• Information shown:
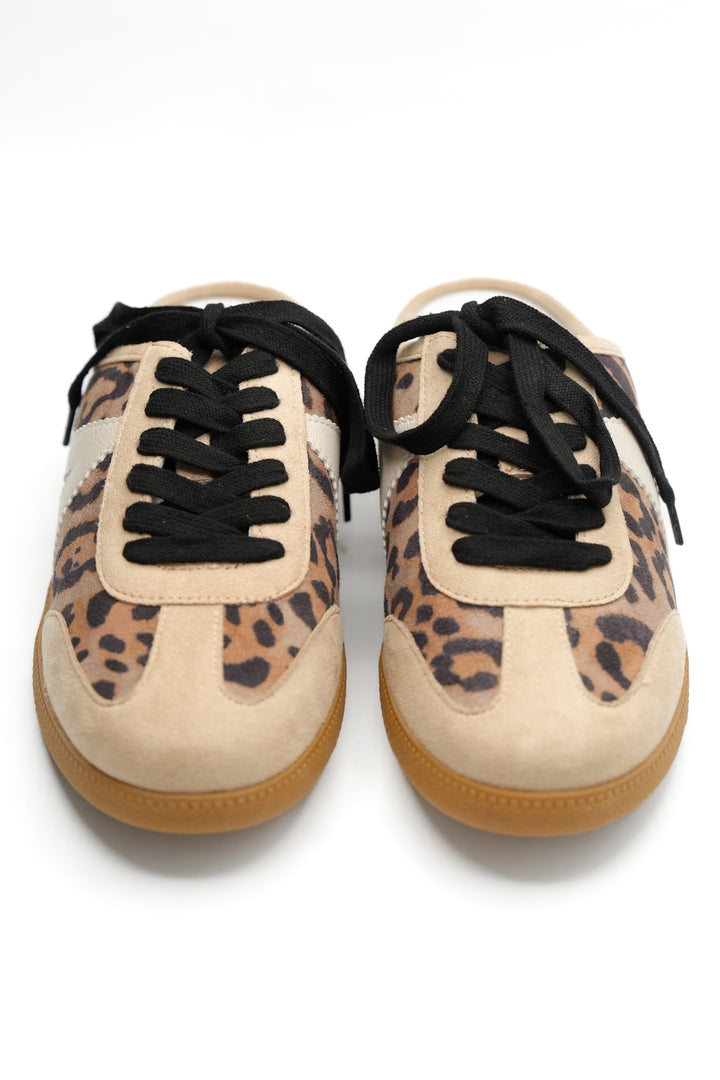 MIA Leopard Print Slip On Sneaker Mule with Suede Trim
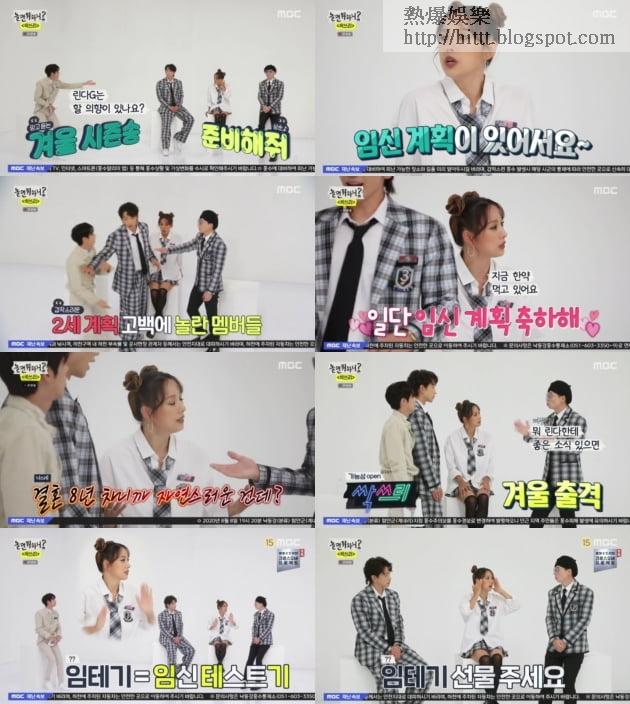 昨日節目提到「SSAK3」組合活動接近尾聲,並有意在冬天繼續活動,李孝利就突然表示自己到時是否能參與活動,並說:「我而家有懷孕嘅計劃,如果到時冇懷孕就會一齊活動。」即時令Rain和劉在錫等人大感吃驚,不過李孝利就直言她與李尚順下月1日結婚7年,有懷孕的計劃也十分正常及自然,之後李孝利更搞笑提議他們可以送驗孕棒給她作道別禮物,引發全場爆笑。
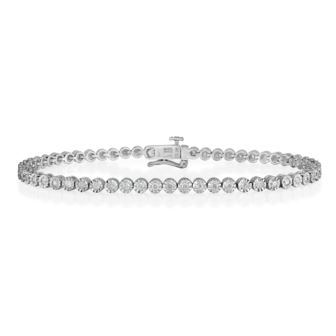 Magnificent shimmer and eye-popping sparkle. 1.00twt round diamonds set in 10k diamond cut miracle plates. 7" long with a safety clasp for extra security. Striking worn alone or, for a more contemporary look, pair it with your watch or a chunky bracelet.

• What the task asks: Your copy should hold each line above exactly and no pictures at all.

• Answer section:
 MIA Leopard Print Slip On Sneaker Mule with Suede Trim
 昨日節目提到「SSAK3」組合活動接近尾聲,並有意在冬天繼續活動,李孝利就突然表示自己到時是否能參與活動,並說:「我而家有懷孕嘅計劃,如果到時冇懷孕就會一齊活動。」即時令Rain和劉在錫等人大感吃驚,不過李孝利就直言她與李尚順下月1日結婚7年,有懷孕的計劃也十分正常及自然,之後李孝利更搞笑提議他們可以送驗孕棒給她作道別禮物,引發全場爆笑。
 Magnificent shimmer and eye-popping sparkle. 1.00twt round diamonds set in 10k diamond cut miracle plates. 7" long with a safety clasp for extra security. Striking worn alone or, for a more contemporary look, pair it with your watch or a chunky bracelet.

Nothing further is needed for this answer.